What are we talking here, “treason” and “jaywalking?” Or did our founding fathers have something different in mind? Well, Benjamin Franklin asserted that the power of impeachment and removal was necessary for those times when the Executive “rendered himself obnoxious.” Does that remind us of anyone we know? For most of us, we see these words and think that some kind of crime must be alleged before an impeachment trial can begin. Sure, we call it a trial, but Congress is not a court of law. It is a trial in the sense that there are facts and circumstances to be weighed, whether we are weighing criminality or obnoxiousness. The legal definition of “misdemeanor” is;
Offenses lower than felonies and generally those punishable by fine, penalty, Forfeiture, or imprisonment other than in a penitentiary. Under federal law, and most state laws, any offense other than a felony is classified as a misdemeanor. Certain states also have various classes of misdemeanors (e.g., Class A, B, etc.).
But remember this definition was written long after the U.S. Constitution described an impeachable offense this way;
The charge of high crimes and misdemeanors covers allegations of misconduct peculiar to officials, such as perjury of oath, abuse of authority, bribery, intimidation, misuse of assets, failure to supervise, dereliction of duty, unbecoming conduct, and refusal to obey a lawful order. Offenses by officials also include ordinary crimes, but perhaps with different standards of proof and punishment than for nonofficials, on the grounds that more is expected of officials by their oaths of office.
Webster’s dictionary updates definitions every year based on cultural nuances that work their way into the language. Our Constitution is however not updated to preserve the original intent. The original meaning of the word “misdemeanor” was much closer to “misdeed” irrespective of whether such misdeed was in violation of a law. Only since modern times do we jump to the conclusion that it must mean a crime. According to Wikipedia, the phrase “high crimes and misdemeanor” dates back much further. The impeachment of the King’s Chancellor, Michael de la Pole, 1st Earl of Suffolk in 1386 was the first case to use this charge. The 1450 impeachment of William de la Pole, 1st Duke of Suffolk, a descendant of Michael’s, was next to allege charges under this title.
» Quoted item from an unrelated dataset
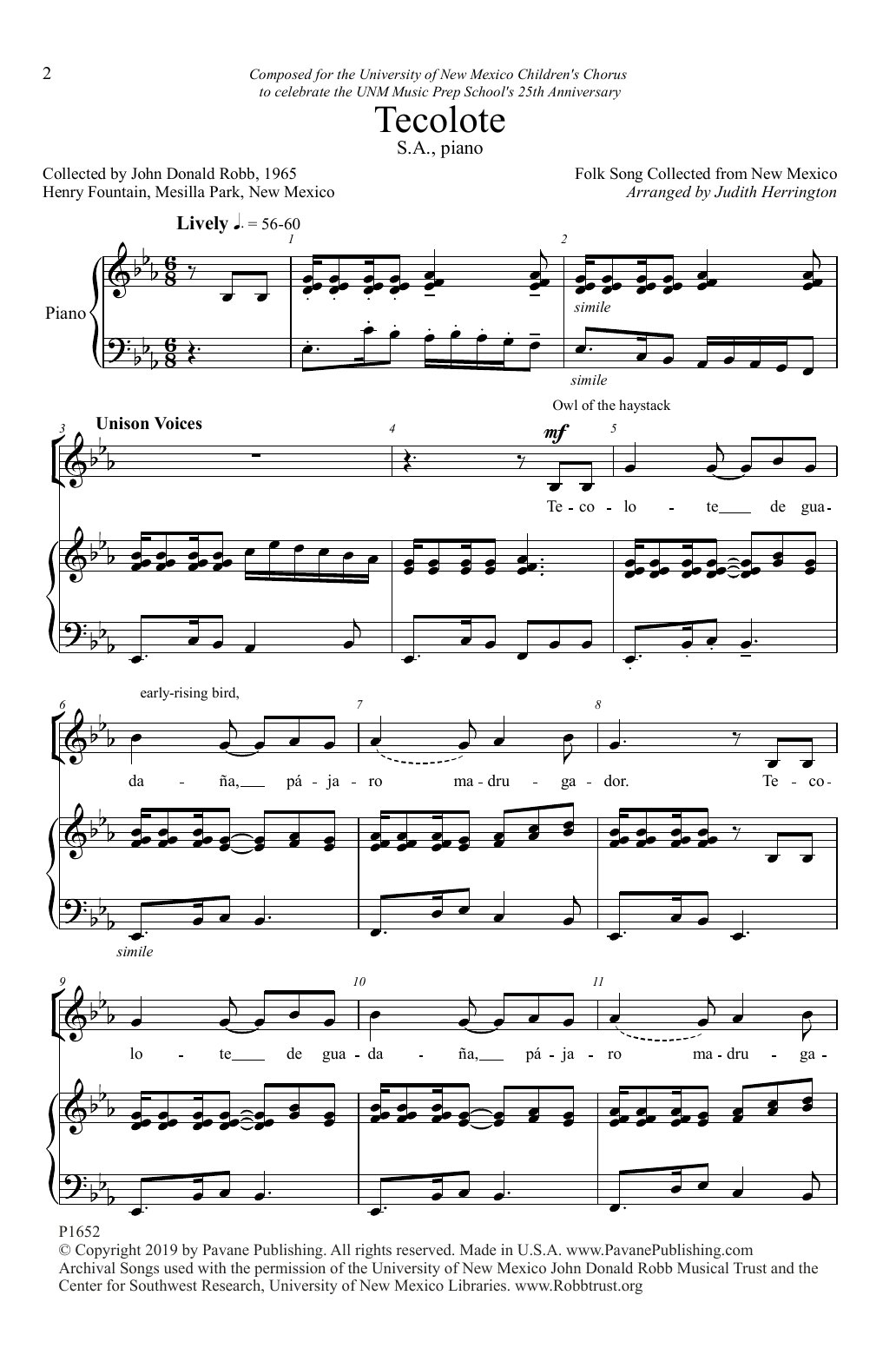 Download or print Folk Song Tecolote (arr. Judith Herrington) sheet music, chords and digital score arranged for Choir. This Concert score includes 7 page(s).

He was charged with using his influence to obstruct justice, cronyism, and wasting public money. After the Restoration (1660) the scope of the charge grew to include negligence, and abuse of power or trust while in office. Charges in the impeachment of Edward Russell, 1st Earl of Orford in 1701 included many violations of trust and his position. In this case, he abused his position in the Privy Council to make profits for himself; as Treasurer of the Navy he embezzled funds; and as Admiral of the Fleet he got a commission for the pirate William Kidd. The point is many of these offenses were not crimes in the traditional sense of the word, but focus instead on “allegations of misconduct peculiar to officials.”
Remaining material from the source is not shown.